=== Given data ===

++++++++++

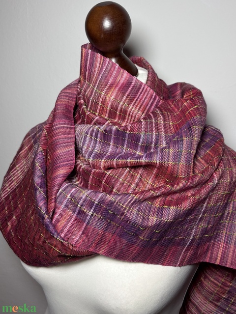 Ha egy olyan ragyogó sálat keresel, amely tökéletes eleganciát és meleget biztosít, ez a kézzel szőtt Málna Selyem kendő tökéletes választás. Gyönyörű fénye van, és kellemes a tapintása. A kendő szövésének bonyolult technikája egyedi, textúrált mintát hoz létre, így ez a kiegészítő valóban egyedülálló bármely ruhatárban.
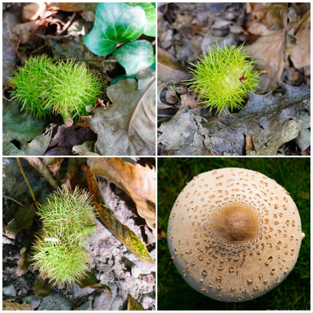 Looking like delicate lace, the last of the flowers blooming in the woodlandA magnificent thatched cottage, the Old School House in Aisholt. Apparently it was the holiday home for Sir Henry Newbolt (a poet in the 1800s) and the house that Coleridge thought of renting – but his wife said no!It was so warm we retreated to the shade on the hike back up hillA perfect toadstoolLooking north across the hillsThe hikersA hill pony. They have recently been part of a roundup and all the foals have been taken away to be sold.Early fallen sweet chestnuts and another perfect toadstool
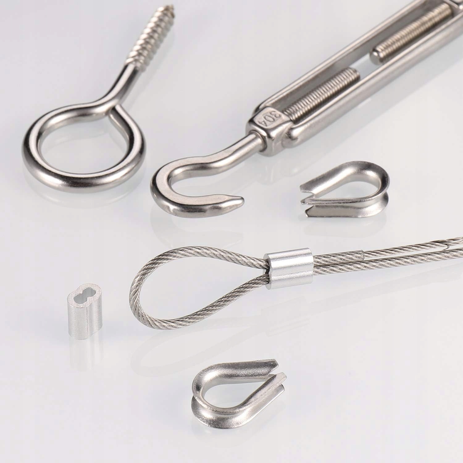 ⬅️⬅️Набір натягувачів дроту з поворотною пряжкою:Міцний гачок для лози та вушко, що входять у комплект, є ідеальним аксесуаром для підвішування своїми руками для важких завдань, усе зроблено з нержавіючої сталі 304. Алюмінієва цанга виготовлена з алюмінію, забезпечує хорошу стійкість до корозії та іржі, міцна та довговічна, дозволяє використовувати в будь-яку погоду та всюди!

++++++++++

=== What to produce ===
Nothing but the lines from the beginning of the material through the line with "Looking like delicate" should appear, printed exactly, with no pictures among them.

=== Result ===
 Ha egy olyan ragyogó sálat keresel, amely tökéletes eleganciát és meleget biztosít, ez a kézzel szőtt Málna Selyem kendő tökéletes választás. Gyönyörű fénye van, és kellemes a tapintása. A kendő szövésének bonyolult technikája egyedi, textúrált mintát hoz létre, így ez a kiegészítő valóban egyedülálló bármely ruhatárban.
 Looking like delicate lace, the last of the flowers blooming in the woodlandA magnificent thatched cottage, the Old School House in Aisholt. Apparently it was the holiday home for Sir Henry Newbolt (a poet in the 1800s) and the house that Coleridge thought of renting – but his wife said no!It was so warm we retreated to the shade on the hike back up hillA perfect toadstoolLooking north across the hillsThe hikersA hill pony. They have recently been part of a roundup and all the foals have been taken away to be sold.Early fallen sweet chestnuts and another perfect toadstool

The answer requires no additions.